Step 1: Find the derivative of x = At^2 - Bt + C with respect to time t.

The derivative of At^2 with respect to t is 2At, since the derivative of t^2 is 2t.

The derivative of -Bt with respect to t is -B, since the derivative of t is 1.

The derivative of C with respect to t is 0, since C is a constant.

So, the derivative of the position function x = At^2 - Bt + C is dx/dt = 2At - B.

Step 2: The derivative dx/dt represents the instantaneous velocity, so we can express the instantaneous velocity as a function of time.

Therefore, the instantaneous velocity v(t) = 2At - B, where A = 7.3 m/s^2 and B = 5.8 m/s.

Step 3: To find the acceleration function, we take the derivative of velocity v(t) with respect to time t.

The derivative of 2At with respect to t is 2A, since the derivative of t is 1.

The derivative of -B with respect to t is 0, since B is a constant.

So, the derivative of the velocity function v(t) = 2At - B is dv(t)/dt = 2A.

Step 4: The derivative dv(t)/dt represents the instantaneous acceleration, so we can express the instantaneous acceleration as a function of time.

Therefore, the instantaneous acceleration a(t) = 2A, where A = 7.3 m/s^2.

In summary:
- The instantaneous velocity v(t) = 2At - B, where A = 7.3 m/s^2 and B = 5.8 m/s.
- The instantaneous acceleration a(t) = 2A, where A = 7.3 m/s^2.

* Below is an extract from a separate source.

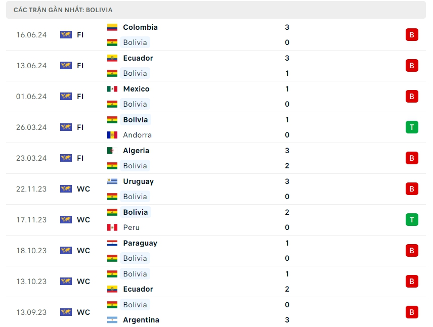 -Phong độ Bolivia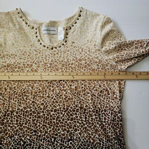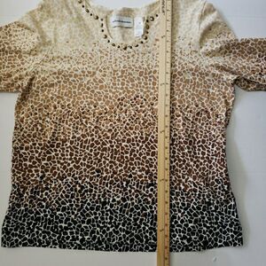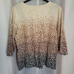 Alfred Dunner 3/4 Sleeve Animal Print Giraffe Blouse Cotton Stretch Women Size M

To find the instantaneous velocity and acceleration as functions of time, we need to differentiate the position function with respect to time.

Given: x = At^2 - Bt + C

Instantaneous velocity, v(t), is given by the derivative of position with respect to time:

v(t) = dx/dt

Differentiating the position function x = At^2 - Bt + C with respect to t, we get:

dx/dt = d/dt (At^2 - Bt + C)
= 2At - B

Therefore, the instantaneous velocity as a function of time is:

v(t) = 2At - B

Now, to find the acceleration, a(t), we need to differentiate the velocity function with respect to time:

a(t) = dv/dt

Differentiating the velocity function v(t) = 2At - B with respect to t, we get:

dv/dt = d/dt (2At - B)
= 2A

Therefore, the instantaneous acceleration as a function of time is:

a(t) = 2A

Substituting the given values A = 7.3 m/s^2 into the equations:

v(t) = 2(7.3t) - 5.8
= 14.6t - 5.8 m/s

a(t) = 2(7.3)
= 14.6 m/s^2

So, the instantaneous velocity as a function of time is v(t) = 14.6t - 5.8 m/s,
and the instantaneous acceleration as a function of time is a(t) = 14.6 m/s^2.